Через несколько часов, во второй половине дня в наш дом пришел Юлек, один из еврейских полицейских. Ему приказали вместе с отрядом немецкой полиции отправиться в уже «очищенный» район гетто. Он рассказывает, как погиб любимец и предмет гордости ченстоховсих евреев – могучий, добродушный боксер джентльмен Ханс Зильберберг. Ему было двадцать четыре года, он три года подряд был чемпионом воеводства, все, в том числе местные газеты, называли его просто Ханс, довольно необычное в Польше имя. Ханс Зильберберг отказался уйти из квартиры. Когда немцы, проверяющие «очищенные» дома, ввалились к нему, он зарычал на них, чтобы они убирались из квартиры – его квартиры. Он быстро нокаутировал двоих и успел сбить с ног третьего, когда его настигла первая пуля – что ж, у него были только кулаки, чтобы защищаться. Его последние слова перед смертельным выстрелом были: «Я не уйду из моей квартиры – моей квартиры!» – потом он, затихший, лежал в собственной крови на ковре. Он так и не ушел из своей квартиры…

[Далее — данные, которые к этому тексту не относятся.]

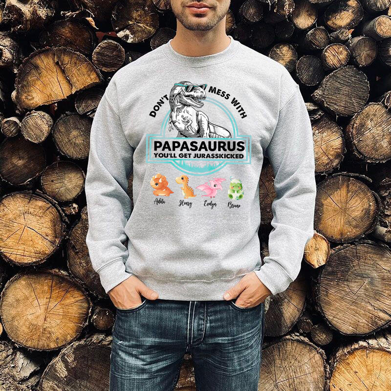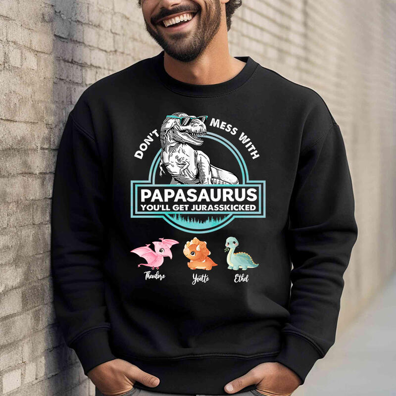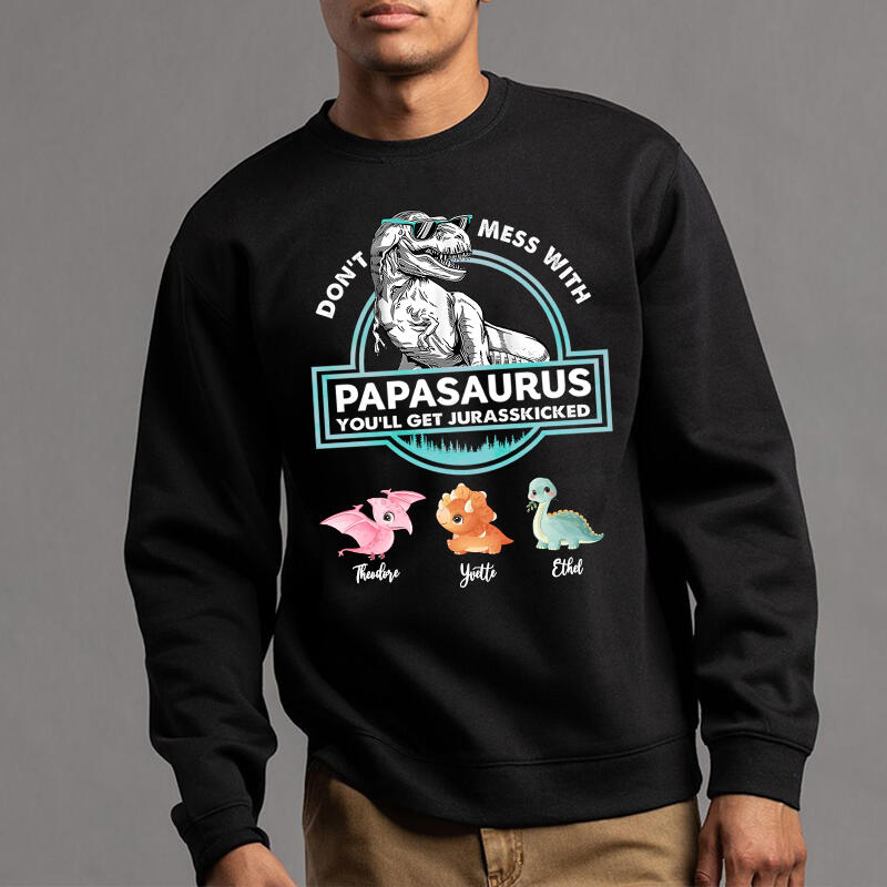 Personalized Sweatshirt Papasaurus Custom Baby Dinosaurs Pattern Design Perfect Father's Day Gift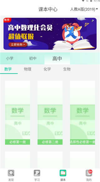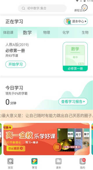 4、点击学习,用户可以看到自己正在学习的课本以及进度。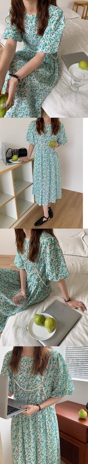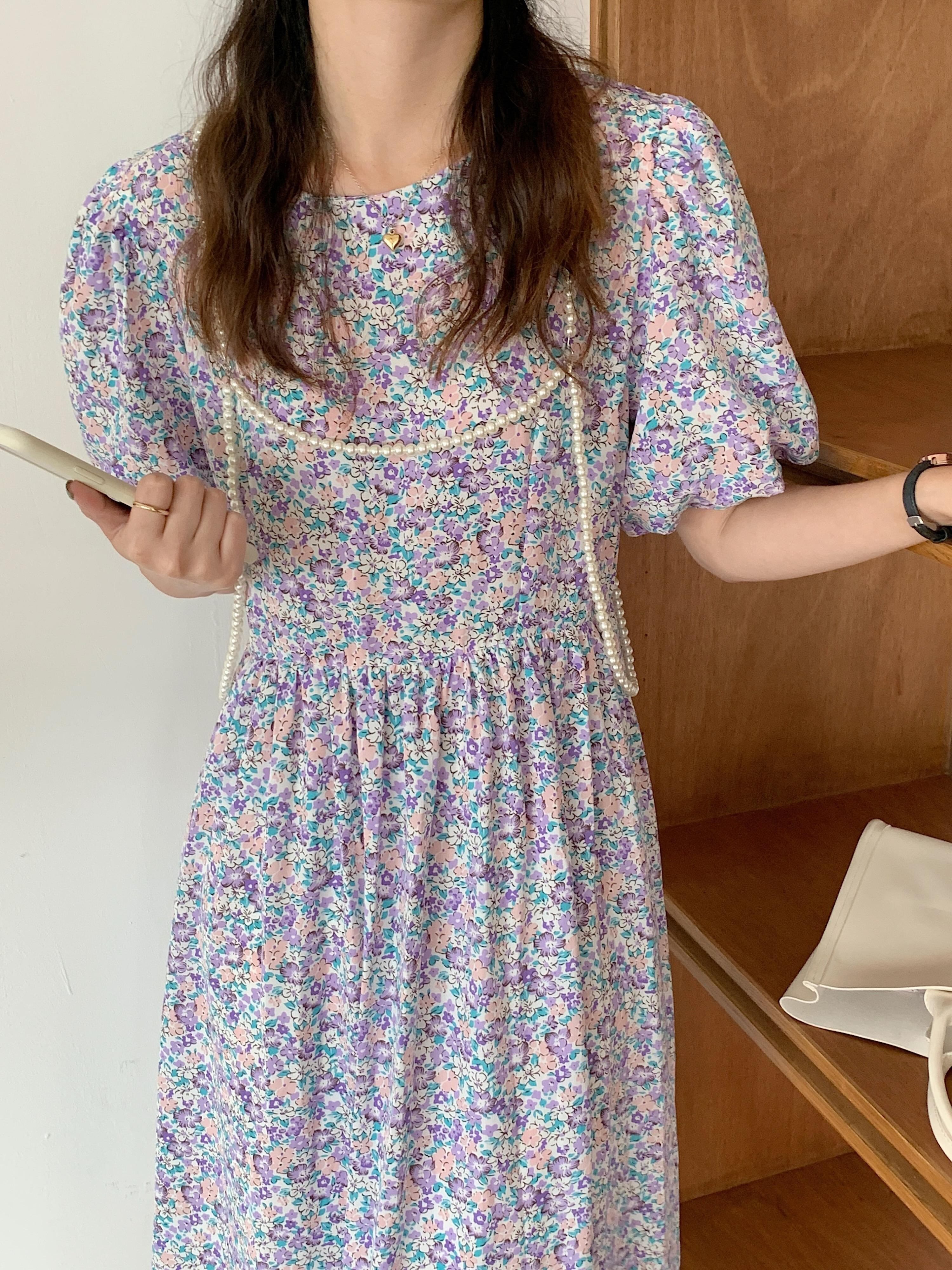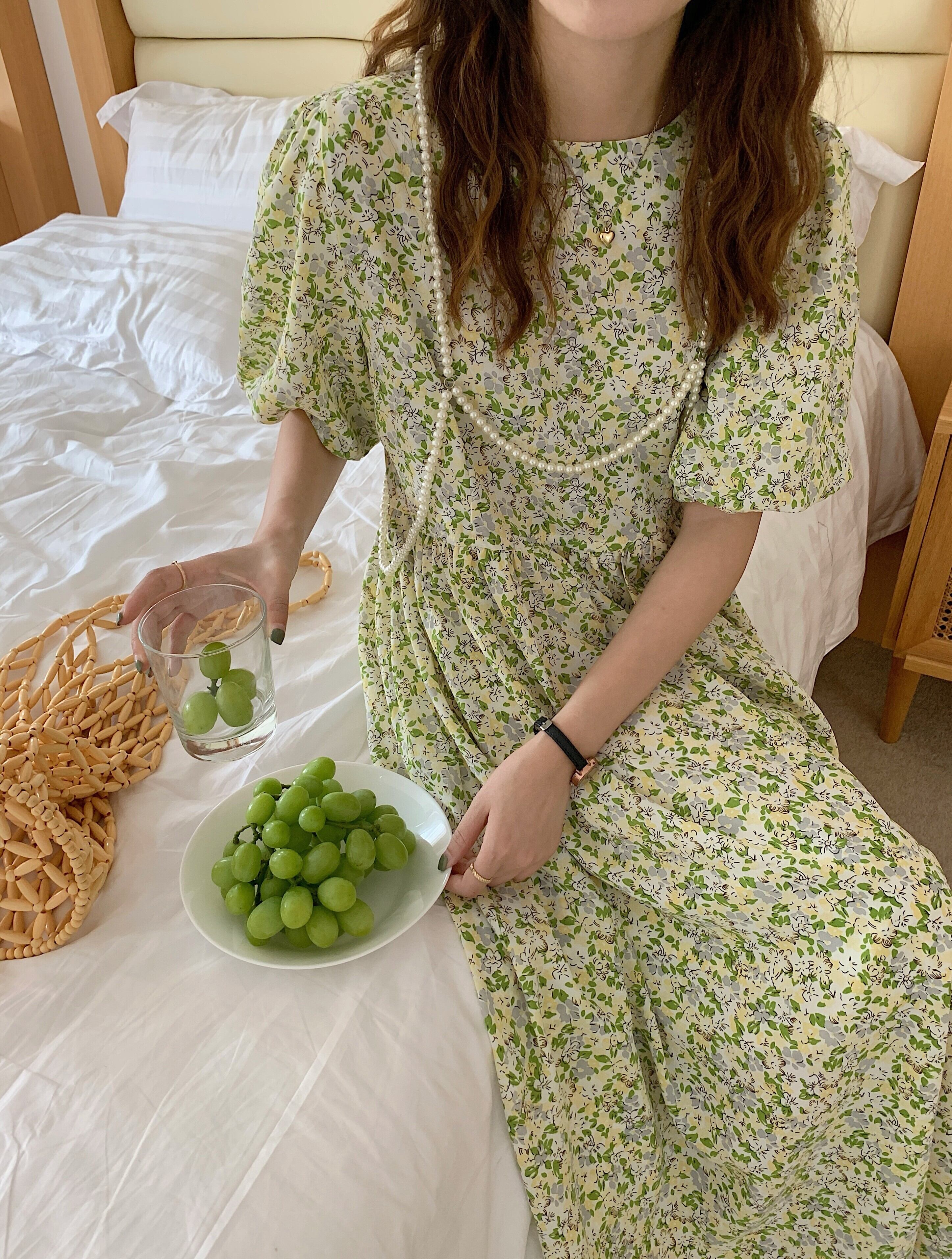韓国ファッション夏服スタンダードパールチェーン スリーブフローラルロングスカート ウェスト薄手ミニ ワンピースワンピースレディース レトロ 夏物 花柄 真珠 ウエスト muzly22592852758 | Neatly

Ханс Зильберберг выбрал свой путь, он не поверил заверениям немцев, что речь идет только о переводе в рабочий лагерь, он избежал много унижений, ему не пришлось ехать в омерзительном телячьем вагоне и умереть в высокопроизводительной немецкой газовой камере.

«Селекция» – так мы будем называть в дальнейшем подобные отдельные мероприятия во всеобъемлющей «Акции» – закончена задолго до одиннадцати. Немецкий светловолосый полицейский отбирает человек пятьдесят из тех, кто остался во внутреннем дворе «Металлургии». С помощью Черных он выстраивает их в три ряда, и они получают приказ вывезти наших мертвых на тачках и похоронить в общей могиле на еврейском кладбище.

Капитан Дегенхардт и его помощники потрудились на славу. Не так-то легко всего за несколько часов успеть выгнать восемь тысяч человек из квартир, отобрать из них триста сорок, кому предстоит еще немного пожить, и семь тысяч, кого предстоит отправить в дорогу – он знает, куда. Не так-то легко успеть затолкать эти семь тысяч в семьдесят – всего-то! – вагонов, многих убить для примера на месте, внушить страх и заставить подчиниться.

С другой стороны, вся акция подготовлена великолепно. Все спланировано заранее. После того как решение об окончательном снятии еврейского вопроса было принято 20 января 1942 года в роскошной вилле на озере Ванзее под Берлином, ни у кого никаких сомнений нет. На этой конференции обсуждались наиболее рациональные методы уничтожения 6 миллионов беззащитных людей. На конференции! Не тайно, в кулуарах, как заговорщики, а на специальной конференции…

Все избранные демократическим путем лидеры высказались единогласно.